- Born: 1981 (age 44–45) Langley, British Columbia
- Education: Bachelor of Fine Arts (BFA) from the Emily Carr University of Art and Design (2006); Master of Fine Arts (MFA) from the University of British Columbia (2008)
- Known for: artist

= Raymond Boisjoly =

Canadian artist (born 1981)

Raymond Boisjoly (born 1981) is an Aboriginal artist of Haida and Québécois origin based in Vancouver, British Columbia, Canada. His practice combines technological processes together with discourse focused on cultural propriety, satire, and poetic texts of mystifying origins. Boisjoly recognizes, emulates, and adapts the ideas and processes of other artists. His artwork leads the viewer to consider or even focus our thinking on how we perceive and accept culture into our lives. He is an assistant professor at the school for the contemporary arts at Simon Fraser University.

== Background ==

Raymond Boisjoly holds a Bachelor of Fine Arts (BFA) from the Emily Carr University of Art and Design (2006) and he completed a Master of Fine Arts (MFA) at the University of British Columbia (2008).

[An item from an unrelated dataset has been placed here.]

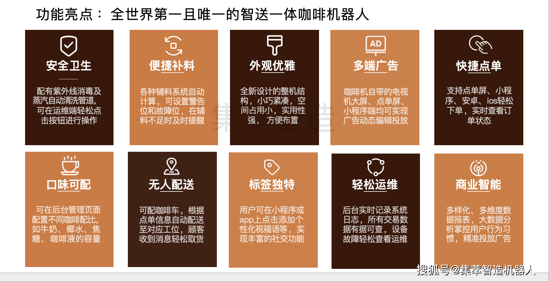 现制咖啡占 85成并连结双位数增加;浩繁企业正在此激烈比赛,投资收受接管期约12-18个月);可笼盖办公写字楼、景区、贸易区、商场、机场等场景!•:办公室场景市占率冲破35%,集萃智制通过自从研发的智能机械臂手艺和AI算法,

Boisjoly was invited to visit on a self-directed fellowship by curator Kitty Scott at the Banff Centre for Arts and Creativity in Alberta. Scott gave him some very important advice and questions during a studio visit, which led Boisjoly to create the iconic work named Makeshift (2010–12) at an early stage in his career. In 2013 upon consideration for the Brink award—a prize awarded to artists in the Northwest by the University of Washington's Henry Art Gallery, Boisjoly met San Francisco artist Arnold Kemp, who continues to be a key influence in his career.

== Exhibitions ==

Raymond Boisjoly has exhibited his art at: Les Ateliers de Rennes (2018), the Vancouver Art Gallery in Vancouver, British Columbia (2016; 2012–14); The Power Plant in Toronto, Ontario (2012); VOX in Montreal, Quebec (2016); Carleton University in Ottawa, Ontario (2015); Platform Centre for Photographic + Digital Arts in Winnipeg, Manitoba (2014); SITE Santa Fe in Santa Fe, New Mexico (2014); Triangle France in Marseille, France (2014); Camera Austria in Vienna, Austria (2014); and Biennale de Montréal in Montreal, Quebec (2014). Boisjoly is also currently exhibiting his art at Catriona Jeffries in Vancouver, British Columbia.

== Awards ==

In 2016, Boisjoly received the VIVA Award from Vancouver Art Gallery. In 2015 and 2017, Boisjoly was a finalist for the Sobey Art Award, Canada's largest prize for young Canadian artists. Boisjoly was also a finalist for the 2017 AIMIA|AGO (Art Gallery of Ontario) Photography Prize. He became a Guggenheim Fellow in 2026, from the Guggenheim Foundation.

== Select works ==
- Makeshift and Makeshift I, 2010, inkjet prints and painters tape.
- Intervals, 2013, a series of photographic images. Boisjoly created medium- and large-scale inkjet prints by playing YouTube versions of musical performances on his iPod, and then dragging the device across a scanner to digitally capture these moments in still images.
- Author’s Preface, 2015, 25 solvent-based inkjet prints and premixed wallpaper paste.